Interview: Larry Carlton and Steve Lukather (Part 1-2)


By Todd S. Jenkins

In mid-March, Steve Vai’s label Favored Nations released the first collaboration between two giants of American guitar music. During 25 years of friendship, Steve Lukather and Larry Carlton had never played together live until the opportunity finally arose for a three-week tour of Japan in the summer of 2000. For full houses of wildly appreciative fans, the two guitarists performed extended sets in the company of keyboardist Rick Jackson, bassist Chris Kent and drummer Gregg Bissonette. The resulting shows were taped and recently compiled into the new album No Substitutions: Live in Tokyo 2000, featuring five powerful jams that showcase the guitarists’ exemplary musicianship.

Steve Lukather spent many years in the front line of the acclaimed rock band Toto, creating chart hits like “Hold The Line”, “Africa” and “Rosanna”. He has logged countless hours of studio session work since the 70s. “Luke” has graced albums and live performances by Diana Ross, Chet Atkins, Michael Jackson (the blockbuster Thriller), Hall & Oates, Barbara Streisand, Santana, Boz Scaggs, Paul McCartney, Randy Newman, America and many others. He has also released three albums under his name: Lukather (1989), Candyman (1994) and Luke (1997).

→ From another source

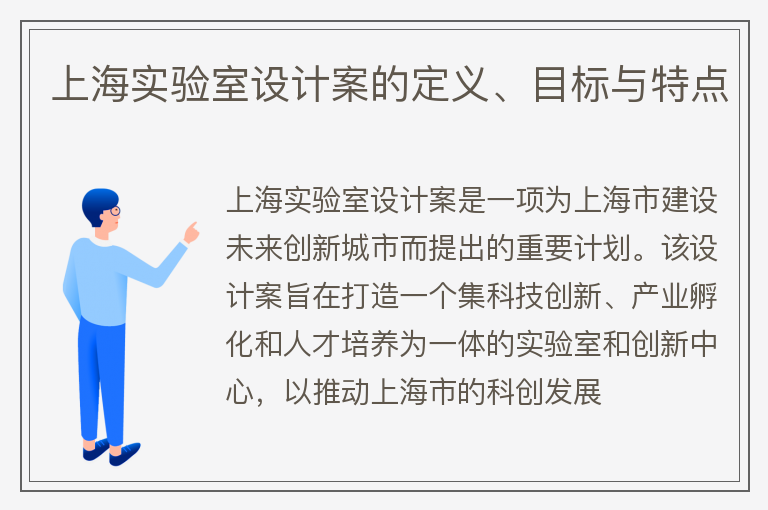 上海实验室设计案是一项为上海市建设未来创新城市而提出的重要计划。该设计案旨在打造一个集科技创新、产业孵化和人才培养为一体的实验室和创新中心,以推动上海市的科创发展......【点击详情】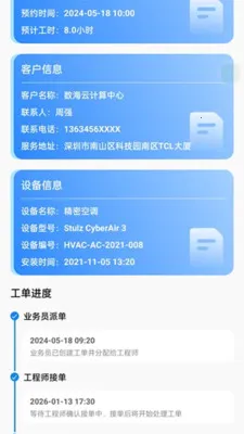 2、无缝对接:业务端一键发起维修订单,实时同步至工程师移动终端,任务流量无缝对接。

Larry Carlton is an undisputed legend of jazz and pop guitar whose resume includes work with Joni Mitchell, Michael Jackson, Herb Alpert, Steely Dan (The Royal Scam), Donald Fagen (The Nightfly), The Crusaders and Linda Ronstadt, in addition to twenty well-crafted albums under his own name. In 1988 Carlton was shot outside Room 335, his studio in Burbank, but resumed his music career the following year after an intensive period of recovery. In 1998 Carlton replaced Lee Ritenour in the popular contemporary jazz quartet Fourplay. All About Jazz fusion editor Todd S. Jenkins spoke with Luke and Carlton about the tour, the new disc and their careers to date. (The two separate interviews have been combined here.)

AAJ: I’ve spent most of the last three days spinning No Substitutions. That is one beautiful album. You guys should be proud, Steve Vai should be proud…

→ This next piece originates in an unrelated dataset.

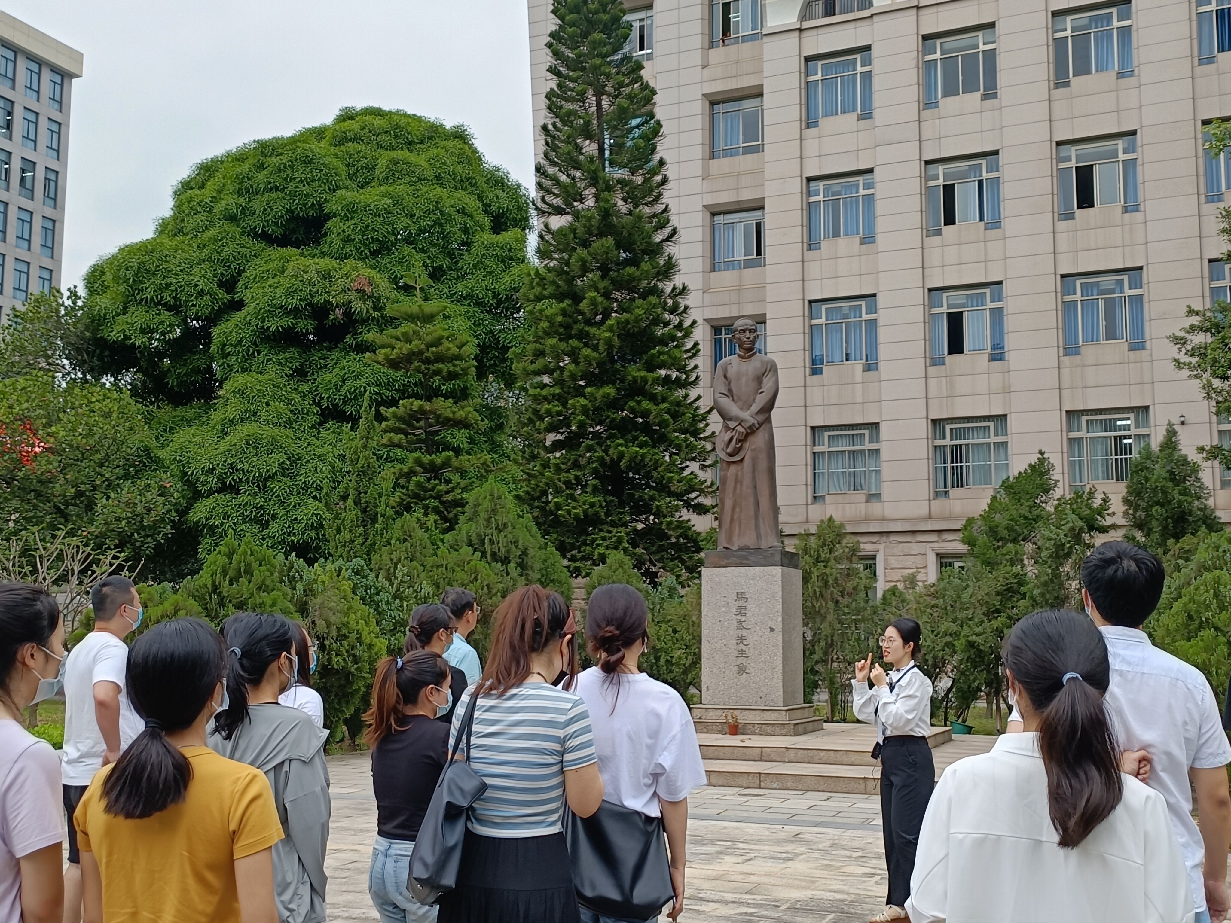 活动开始,跟随宣讲人的步伐,我们来到了广西大学的时光轴,回顾学校百年征程路。从梧州创办到曲折复兴,从热血基业到八桂学府,西大每一步的成就,离不开无数先贤的开创拼搏。一幕幕浮雕,记载那一段段峥嵘岁月。随后,队伍参观了君武园、大师园。君武园中,马君武校长的雕塑矗立中心,他目视前方,仿佛在思考……马君武校长是广西大学第一任校长,也是我国著名的教育家、科学家和民主革命家,中国第一位留德工学博士,中国同盟会的第一批盟员,被誉为“一代宗师”,教育界的“北蔡南马”。这些承载着西大文化传承和精神气质的雕塑作品,滋润和涵养师生们的思想和心灵。同学们感触颇深,边参观边拍照留念。

SL: You know it’s so funny that we’re getting such great reactions... I mean, it’s a jam record, we did it off the cuff, no rehearsals. We just went in and had a great time in Japan, and we had so much fun we decided to record. We just did it for ourselves. And then, you know, Steve Vai heard it and wanted to put it out. So Steve and I went in and mixed it and did a couple of edits, no fixes or nothing, what you hear is the way it really was. And I’m real proud of it because I got to play with Larry Carlton!

AAJ: You guys have known each other for about 25 years, and this is the first time you actually got together to play onstage?

SL: Yeah! Well, we did one little thing years ago, but that wasn’t really playing together. We just played a song together in the 80s sometime. But this is playing together. Being with Larry was like going to school every night.

AAJ: How did this tour come together in the first place?

LC: I’ve been doing the Blue Note club in (Fukuoka) Japan for about the last 8 years. I’m fortunate that there’s a large audience there who have followed my career. So after doing 3 or 4 years straight, every year going back and spending a month in Japan, I’ve become really good friends with the club owners. We had been trying to decide what kind of special project I could bring that would be a little bit different. And there’s been talk over the few years about me and Joe Sample doing something, or me and Kirk Whalum doing something. So they called for that two years ago and said, “Let’s do some kind of guitar thing,” and Luke’s name came up. I said, “Yeah! Let’s do that.” And it was as simple as that.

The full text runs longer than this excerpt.